1. Clone the repository:

```
git clone [email protected]:bitswired/website-to-knowledge-base.git
```

2. Instal the project with poetry:

```
poetry install
```

## Usage

### Knowledge Base

To use the KnowledgeBase class, follow these steps:

1. Import the KnowledgeBase class:

```python
from knowledge_base import KnowledgeBase
```

2. Instantiate the KnowledgeBase with the appropriate sitemap URL and pattern (optional):

```python
kb = KnowledgeBase(
sitemap_url="https://nextjs.org/sitemap.xml",
pattern="docs/api-refe",
chunk_size=8000,
chunk_overlap=3000,
)
```

3. Ask a question:

```python
result = kb.ask("How do I deploy my Next.js app?")
print(result)
```

### Web Application

To run the Streamlit web application, execute the following command in your terminal:

```
streamlit run app.py
```

The web app will open in your default browser.
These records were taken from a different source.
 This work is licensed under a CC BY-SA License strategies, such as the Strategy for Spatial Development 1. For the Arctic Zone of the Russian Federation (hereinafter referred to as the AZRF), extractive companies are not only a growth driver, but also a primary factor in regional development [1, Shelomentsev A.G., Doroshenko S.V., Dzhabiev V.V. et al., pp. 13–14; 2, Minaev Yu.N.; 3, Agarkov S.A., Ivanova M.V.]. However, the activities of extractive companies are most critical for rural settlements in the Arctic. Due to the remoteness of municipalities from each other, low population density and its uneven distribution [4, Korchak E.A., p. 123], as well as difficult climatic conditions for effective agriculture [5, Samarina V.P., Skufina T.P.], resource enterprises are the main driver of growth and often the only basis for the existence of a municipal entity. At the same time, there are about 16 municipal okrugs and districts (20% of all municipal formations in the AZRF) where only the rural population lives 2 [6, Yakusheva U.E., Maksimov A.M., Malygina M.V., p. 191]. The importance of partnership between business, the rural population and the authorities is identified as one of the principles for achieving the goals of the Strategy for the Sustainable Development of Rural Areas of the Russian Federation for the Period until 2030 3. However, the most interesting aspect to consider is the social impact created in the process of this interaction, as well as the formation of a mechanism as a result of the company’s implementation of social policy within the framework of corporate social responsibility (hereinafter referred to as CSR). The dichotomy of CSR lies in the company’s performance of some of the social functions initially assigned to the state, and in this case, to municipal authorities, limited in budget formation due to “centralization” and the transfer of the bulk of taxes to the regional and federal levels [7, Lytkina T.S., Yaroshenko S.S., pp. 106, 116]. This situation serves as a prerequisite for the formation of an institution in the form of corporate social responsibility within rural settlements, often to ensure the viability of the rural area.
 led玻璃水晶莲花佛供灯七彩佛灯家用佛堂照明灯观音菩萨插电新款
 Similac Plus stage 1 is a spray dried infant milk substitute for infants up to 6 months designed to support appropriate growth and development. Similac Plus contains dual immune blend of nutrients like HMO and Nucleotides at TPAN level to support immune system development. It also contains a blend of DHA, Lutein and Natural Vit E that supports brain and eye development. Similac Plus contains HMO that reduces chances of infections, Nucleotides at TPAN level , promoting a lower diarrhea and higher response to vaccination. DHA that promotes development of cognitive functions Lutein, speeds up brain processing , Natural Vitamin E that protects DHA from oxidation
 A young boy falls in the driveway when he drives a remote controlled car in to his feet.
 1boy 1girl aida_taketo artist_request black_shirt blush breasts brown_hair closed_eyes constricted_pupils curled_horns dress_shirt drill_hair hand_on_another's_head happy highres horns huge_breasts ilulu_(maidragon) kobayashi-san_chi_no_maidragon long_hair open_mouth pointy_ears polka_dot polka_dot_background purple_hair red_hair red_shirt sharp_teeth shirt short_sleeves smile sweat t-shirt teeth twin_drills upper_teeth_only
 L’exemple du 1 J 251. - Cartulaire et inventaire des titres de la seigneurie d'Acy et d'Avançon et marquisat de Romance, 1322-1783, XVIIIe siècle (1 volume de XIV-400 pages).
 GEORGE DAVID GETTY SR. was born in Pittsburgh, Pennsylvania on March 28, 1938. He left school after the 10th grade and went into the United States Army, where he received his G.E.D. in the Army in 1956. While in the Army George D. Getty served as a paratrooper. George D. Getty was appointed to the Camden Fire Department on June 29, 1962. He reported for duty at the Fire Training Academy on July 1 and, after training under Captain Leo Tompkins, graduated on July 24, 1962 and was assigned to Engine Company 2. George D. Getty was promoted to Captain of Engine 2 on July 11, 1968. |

Enter the URL to the website's sitemap, an optional filter pattern for the URLs, and your question. The AI-powered knowledge base will return an answer based on the content of the website.

## Requirements

- An API key for OpenAI's GPT-4 (see [OpenAI's API documentation](https://beta.openai.com/docs/) for details)

## License

This project is licensed under the MIT License.